GitHub Resets Passwords After Mass-scale Brute-force Attack

GitHub is telling users that it's now requiring them to be more responsible in their password choices
GitHub is telling users that it's now requiring them to be more responsible in their password choices

Brute-forcing, where perpetrators use automated software to methodically attempt to access online accounts using commonly used or easily guessed passwords (i.e., the account-holder’s name plus “123”), is not uncommon. But the GitHub attack is notable for its scale: it was carried out from almost 40,000 different IP addresses, which were used to slowly test for weak passwords or those passwords used on multiple sites (always a common foible for end users).

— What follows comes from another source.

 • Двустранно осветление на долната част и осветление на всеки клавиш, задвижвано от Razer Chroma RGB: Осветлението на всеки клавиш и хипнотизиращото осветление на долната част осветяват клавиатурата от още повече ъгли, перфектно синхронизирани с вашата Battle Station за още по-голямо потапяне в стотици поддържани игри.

As a result, the company is telling users that it's now requiring them to be more responsible in their password choices. “While we aggressively rate-limit login attempts and passwords are stored properly, this incident has involved the use of nearly 40K unique IP addresses,” explained GitHub security manager Shawn Davenport, in a blog. “We are working on additional rate-limiting measures to address this. In addition, you will no longer be able to login to GitHub.com with commonly-used weak passwords.”

GitHub sent an email to users with compromised accounts, alerting them that their passwords have been reset. Also, their personal access tokens, OAuth authorizations and SSH keys have all been revoked.

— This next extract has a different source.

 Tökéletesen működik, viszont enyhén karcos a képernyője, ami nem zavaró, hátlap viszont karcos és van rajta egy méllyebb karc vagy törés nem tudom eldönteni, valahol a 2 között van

Affected users will need to create a new, strong password and review their account for any suspicious activity. GitHub’s security history page logs important events involving a user’s account. If the user had a strong password or GitHub's two-factor authentication enabled, any attempts to access the account that have failed could show up there.

Also, out of what Davenport calls “an abundance of caution,” some user accounts may have been reset even if a strong password was being used. That will be the case if activity on these accounts showed logins from IP addresses involved in the incident.

“This investigation is ongoing and we will notify you if at any point we discover unauthorized activity relating to source code or sensitive account information,” Davenport added. “This is a great opportunity for you to review your account, ensure that you have a strong password and enable two-factor authentication.”

Password strength is an ongoing conundrum for the industry as users and services try to find a happy medium between security and fomenting headaches – remembering a 10-digit alphanumeric random password that changes every 90 days is not something most consumers can do, resulting in either a sticky-note approach or the “email it to yourself” method – neither of which are particularly secure either.

GitHub is not alone however in requiring strong passwords: Blackberry, Gmail and Hotmail all banned weak passwords last year.